Dr. Larry Bramlage of Rood & Riddle equine hospital is an equine orthopedic surgeon, and perhaps the world’s foremost expert on the subject.


“It’s easy to treat,” he told me yesterday. “Only in a rare kind [of popped splint] do they develop a proclivity. Four to six weeks, they’re ready to compete again.”


“He’s a champion,” Edward Sexton, who runs Steinbrenner’s Kinsman Farm, said of Bellamy Road. “He’ll be back, bigger, better, and bolder.”


Also on the mend is Bandini, who has been shipped to Ashford Stud, near Versailles, Ky., for surgery. The colt fell steadily backwards to finish 19th in the Derby, and it was discovered after the race that Bandini had chipped his right front ankle. Trainer Todd Pletcher told the Daily Racing Form that they were hoping the horse would return for the fall campaign.


Next on the list of horses coming out of the Derby less than perfect is Wilko. The Breeders’ Cup Juvenile winner bled during the Derby, a common occurrence whereby the horse’s respiratory system is stressed by the exertion of racing. Lasix is typically thought to treat bleeding, and Wilko’s trainer Craig Dollase has indicated that they’ll continue on to Baltimore.

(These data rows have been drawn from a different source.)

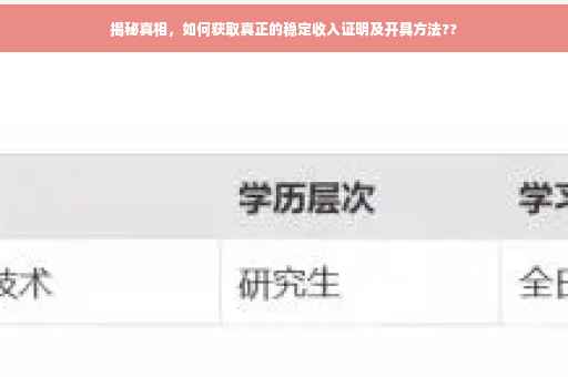揭秘真相:关于稳定收入证明的存在与获取方式。想知道是否存在真正的稳定收入证明吗?想知道如何开具这样的证明吗?本文将为你揭开谜团,告诉你稳定收入证明的重要性和开具方法。从收入稳定性角度,为你提供实用建议,助你顺利获取稳定收入证明。无论你是职场人士还是创业者,都能从中受益。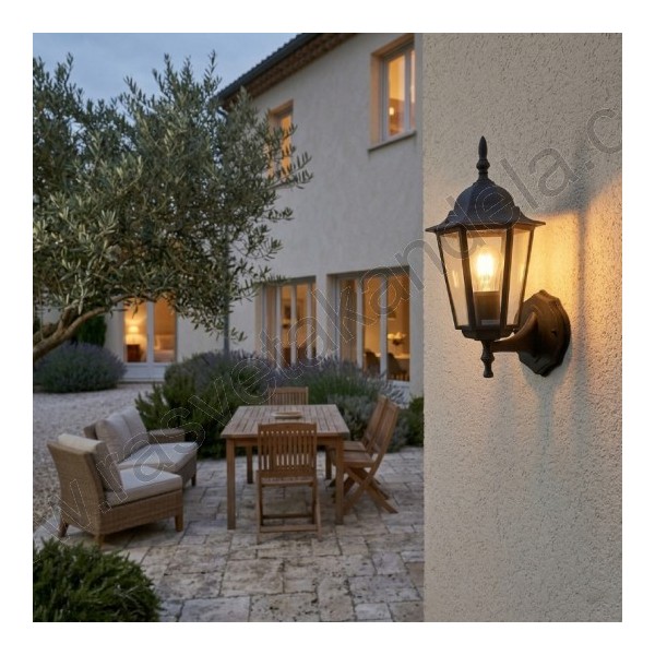 Fenjer zidni M2002-G crni. Brend: Mitea lighting. Materijal: Legura aluminijuma (nerđajući) + staklo. Boja tela: Crna. Staklo je prozirno. Broj staklenih delova: 6. Visina: 365 mm. Od zida: 200 mm. Grlo porcelansko: 1 x E27. Snaga: 1 x max. 60W. Radni napon: 220-240V. IP zaštita: IP44 (vodootporan). Grlo je smešteno u donjem delu fenjera. Način montaže: Na zid (fasadna rasveta). Stepen električne zaštite: I klasa. Sijalica uključena uz proizvod: NE. Težina: 950g.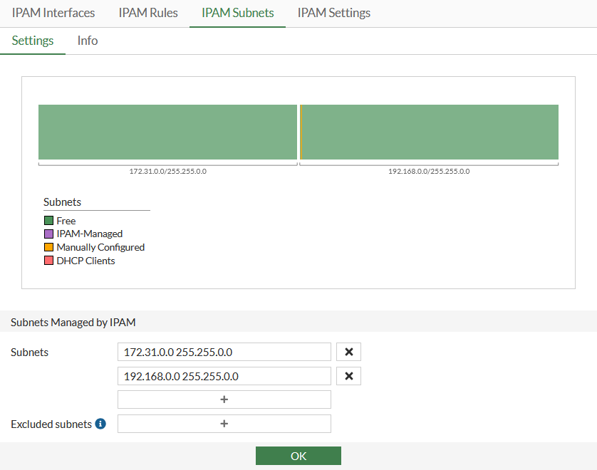 After performing a factory reset, enabled IPAM status will auto-generate two subnets. These subnets can be modified and deleted.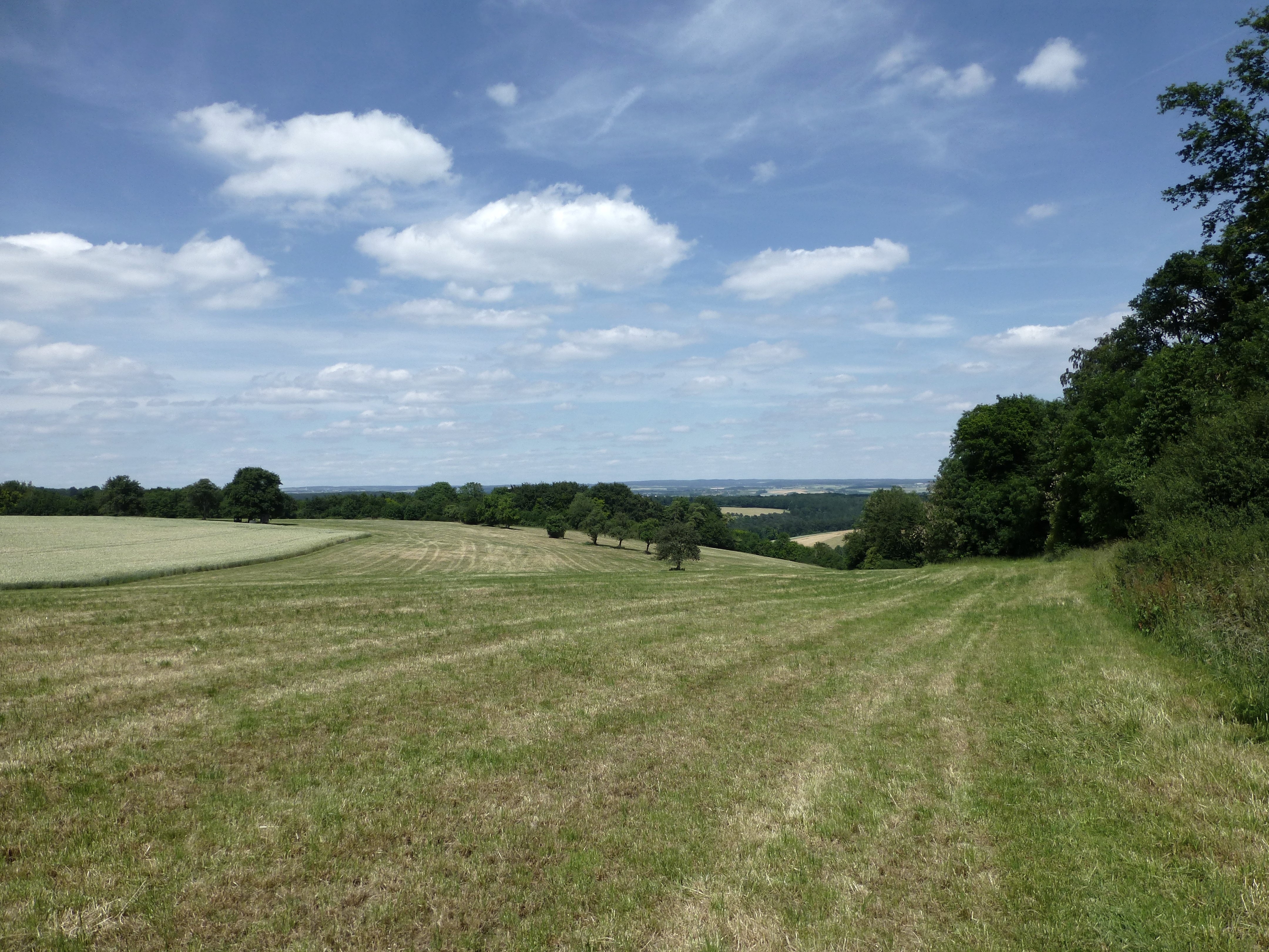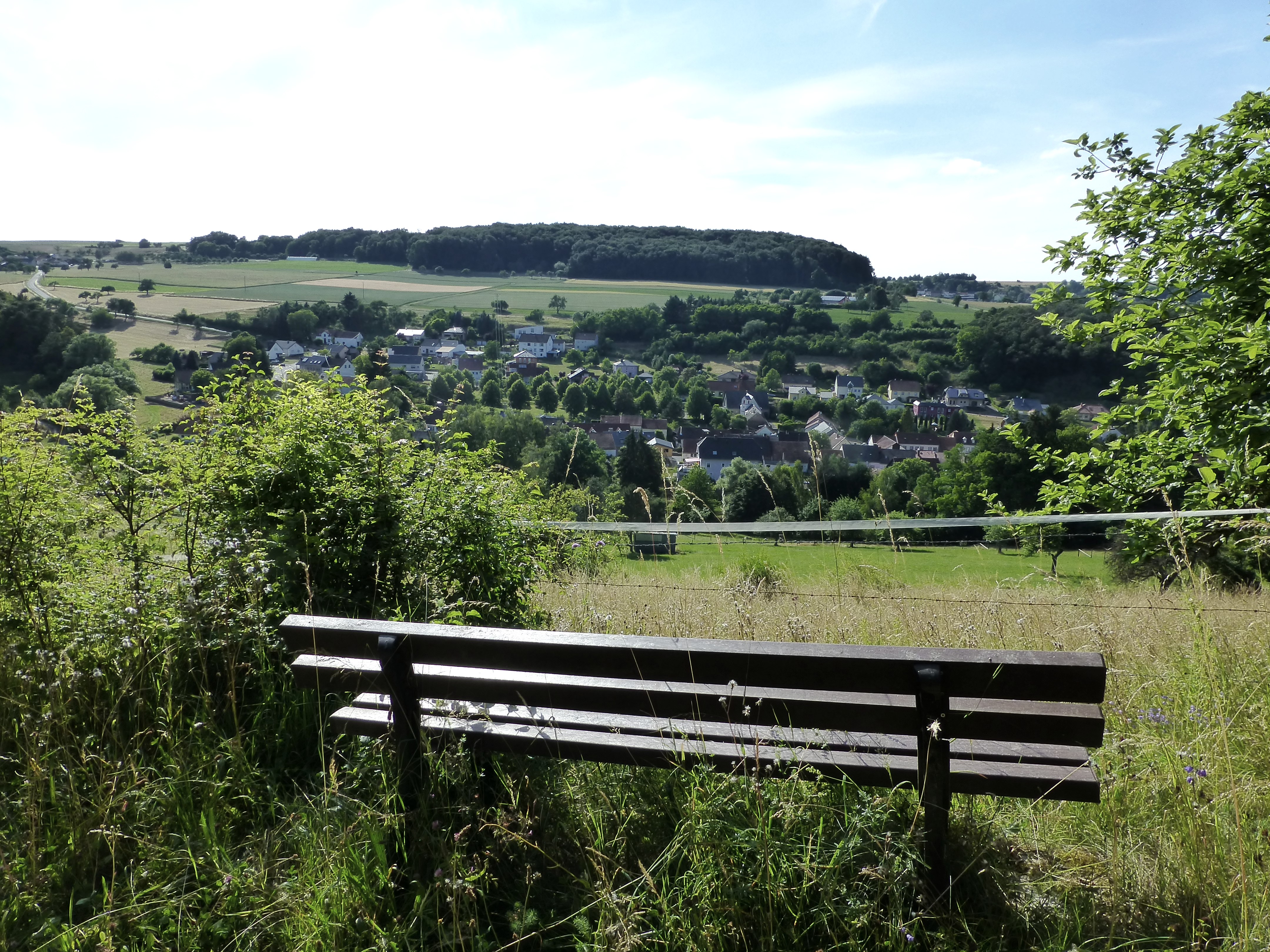Die stillen Wege dieser Etappe sind besonders überraschend, wenn man die Nähe zu Bitburg und dessen verkehrsreicher Umgebung bedenkt. Sobald wir von der Kyll durch den Johannesgraben nach oben und ins Freie gekommen sind, wandern wir auf einsamen Wegen von Dorf zu Dorf und erhalten, da der Waldanteil gering ist, fast durchgehend wunderbare Weitblicke in diese verträumte Landschaft. Unterwegs passieren wir die Dörfer Sülm, Trimport und Dahlem, schauen nach einem kurzen Aufstieg zurück auf die durchwanderte Strecke und besonders weit nach Norden, ehe wir über die Eselsley, die mit einer spektakulären Sage verbunden ist, nach Auw hinuntersteigen.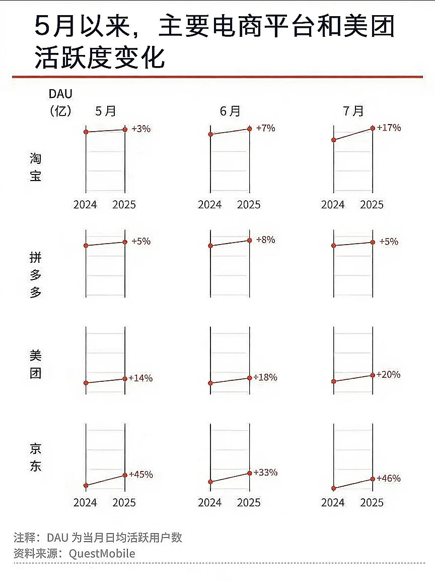 第三方數(shù)據(jù)公司QuestMobile監(jiān)測(cè)的數(shù)據(jù)顯示,今年7月,淘寶APP的日均活躍用戶數(shù)(DAU)上升,同比去年7月增長(zhǎng)17%,相比其他電商平臺(tái)的領(lǐng)先優(yōu)勢(shì)加強(qiáng)。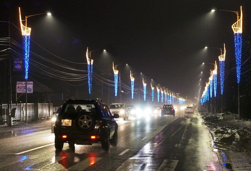 În timp ce, în lumea normală a bătrânei Europe, primarii se ocupă de aspecte practice, cum ar fi montarea de marcaje rezonatoare înaintea trecerilor de pietoni sau amenajarea unei piste de biciclete paralele cu șoseaua, la noi primarii se ocupă de aspecte estetice, întrecându-se în instalații luminoase dintre cele mai fanteziste: felinare cu sclipici, copaci îmbrăcați în lumini albastre, stâlpi transformați în torțe bicolore, steluțe și fulgi de nea clipind intermitent deasupra șoselei, pomi de Crăciun gemând de false cadouri sau moși în sănii de reni realizați integral din leduri roșii.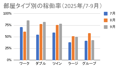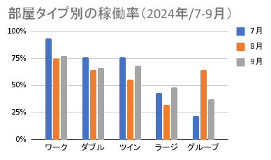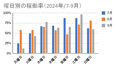 全稼働で見た際に、7月は昨年より13%減少、8月は6%増加、9月は10%増加という結果になっております。増加の部分に関しましては、曜日問わず、満遍なく増えております。減少の部分のところで7月に着目して見ますと、金曜日以外の平日、そして日曜日の稼働がほぼ横一列で同じような数値になっており、分析が難しいところです。よくある傾向としまして、全体的に弱い平日でも、さらに強弱がついてくるのですが、WEEKに関しましては、どの曜日も変わらないというところで、今のターゲットとしましては天井が近づいているのかなと捉えることが出来ます。他エリアの同規模施設では、民泊とマンスリーのハイブリッド運営で年間計画を立てるなど工夫もしている中で、WEEKとしましても価格変動がない分、ウィークリーやマンスリー提案、ほかに日帰りデイユース提案など、宿泊方法の種類と幅をくっきり分かりやすく表現した方が良いのかなとも個人的には思いました。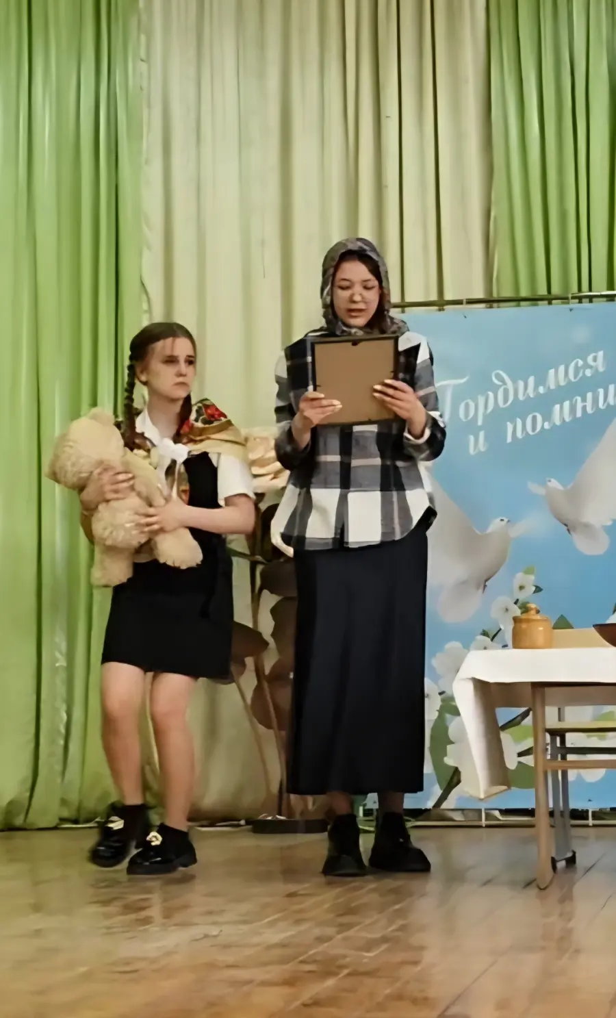 Были исполнены песни, стихи, инсценировки и танцы. Декорации и костюмы на военную тематику прекрасно дополнили происходящее. Участники и зрители фестиваля через разножанровое творчество смогли прочувствовать и понять то, что пережили наши отцы и деды в непростое военное время. В каждом творческом номере звучала безграничная благодарность за мирное небо воинам, которые ценой своих жизней подарили нам Победу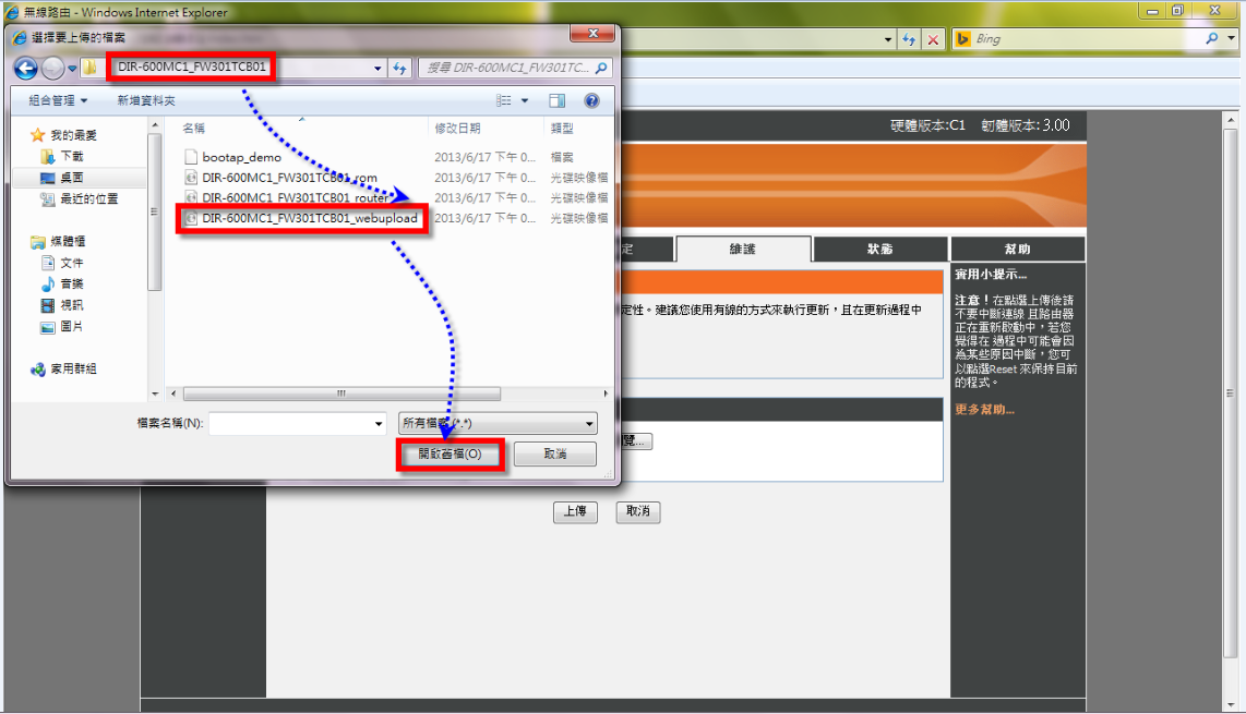 至電腦桌面找尋下載好的並已解壓縮的資料夾(名稱:DIR-600MC1_FW301TCB01)→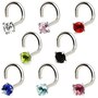 316L Surgical Steel Screw Nose Ring with Prong Set Gem.Mirror finished Implant Grade 316L Surgical Steel screw Nose Ring with 3mm prong set Cubic Zirconia.Thickness : 18GA & 20GAGem Size : 3mmAvailable in 8 colors.
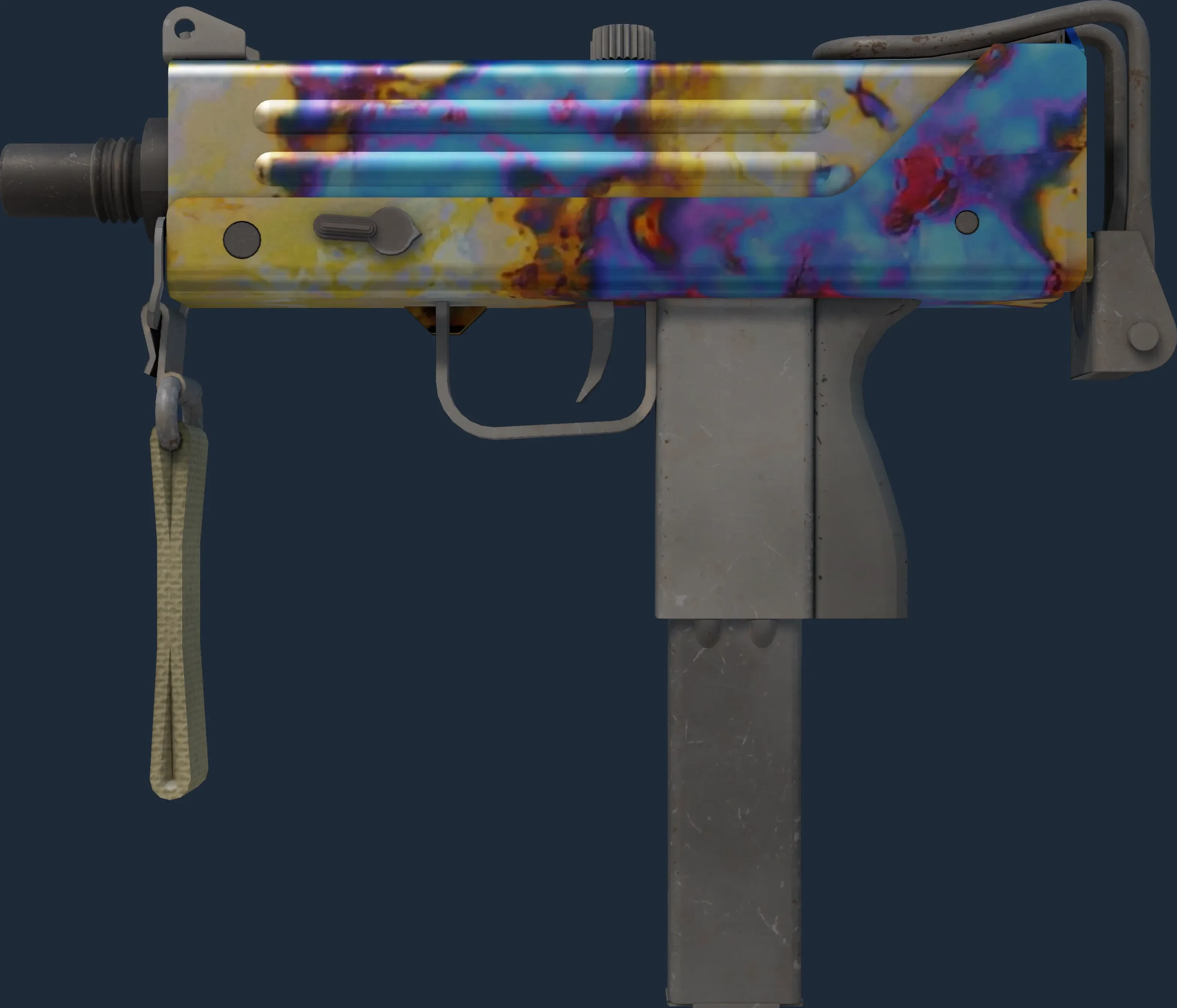 This MAC-10 has been painted in a "Patina" style, with the Case Hardened finish. A patina is a chemical reaction that forms a non-reactive, hardened shell over metallic parts. Real-life weapon patinas include case hardening, cold bluing, and acid forced patinas. The look of the Case Hardened finish is affected by its pattern index. The skin uses the old legacy model.

High Limit received a gash on his right hindquarter in the melee at Churchill Downs, and went on to finish last. But trainer Bobby Frankel thinks he’ll be in shape for the Preakness.


Some horses are headed to the Preakness without the baggage of injury or excuse. Afleet Alex remains the most reliable colt of this Triple Crown season. He ran his race in the Derby, settling off the pace and then beginning to close in on the lead until he got up into contention in the stretch. He just didn’t have it to get up to the front, despite the crawling fractions with which the race was finished. Still, it’s a feat to have performed at all, and trainer Tim Ritchey is wise to continue his maiden voyage through the Triple Crown races. He’ll be taking with him Alex’s Lemonade Stand, which raised almost $11,000 for children’s cancer research on Derby day. A portion of Afleet Alex’s purse was donated as well.


Second-place Derby finisher Closing Argument, who went off at 72-1, is also headed to the Preakness, as is Greeley’s Galaxy. And Derby winner Giacomo is going to attempt to prove his victory was not a fluke.


We’ll see some new horses in the gate, as well, which makes sense. If a 50-1 long shot that had won only one previous race can take the roses with a Beyer figure of 100, then surely the gate at the Preakness should be full.


One can only imagine that Hal’s Image’s connections have this in mind. Hal’s Image has had 16 career starts, and he’s won just two of them. Two races ago, he finished second in an April 8 optional claiming race at Aqueduct. Some horses in that race are for sale at $75,000, which is not exactly Triple Crown company.


Golden Man, meanwhile, has won four of his 11 starts, but has never run in a stakes race. Nonetheless, one of his owners, Sandy Goldfarb, called Pimlico on Wednesday to say that the $100,000 supplement would be paid to put Golden Man in the gate. Golden Man has one start for trainer Richard Dutrow Jr. since being claimed at Gulfstream in January, a second-place finish in front of Coin Silver in an April 2 Allowance race.


Another new face will be Malibu Moonshine, who won the only significant prep race for the Preakness that is not considered part of the Derby Trail, taking the April 23 Federico Tesio Stakes at Pimlico. Scrappy T is coming off of a game victory in the April 30 Withers Stakes at Aqueduct and is on his way to Baltimore, as well.


If the racing world still made sense, I would feel confident saying that Afleet Alex will eat this field for lunch, and that his only competition will come from one of the seemingly overrated horses coming out of trainer Nick Zito’s barn. But this kind of handicapping no longer holds water. This year, even the red board talk indicates that we might as well throw darts.